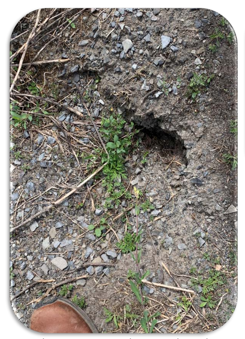
Turtle nest-County road #8 at Nash Creek
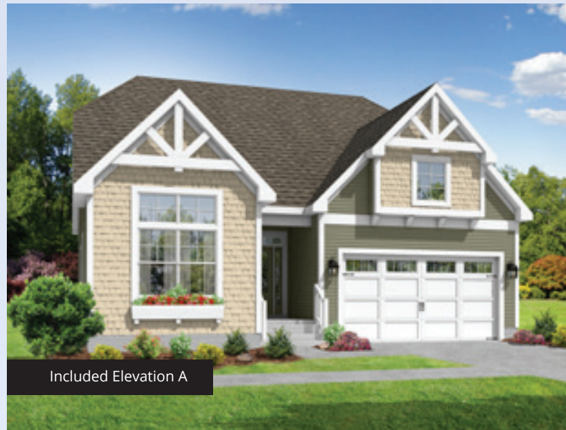
Included Elevation A
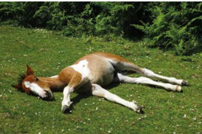
Dartmoor Hill Pony foal on a very hot day!
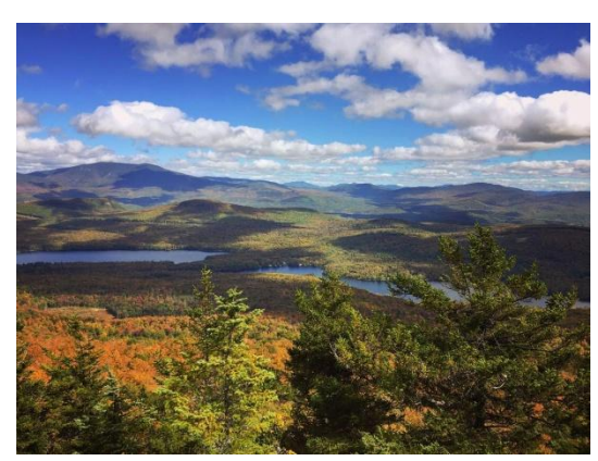
View from Piermont Mountain

This year's beautiful display of fall foliage in Piermont was a real treat, as was being able to swim into mid-September!

→ PROBLEM REQUIREMENTS: From the listing above, return every line that contains the word "Piermont".

→ OUTPUT FOR THIS EXERCISE:
View from Piermont Mountain
This year's beautiful display of fall foliage in Piermont was a real treat, as was being able to swim into mid-September!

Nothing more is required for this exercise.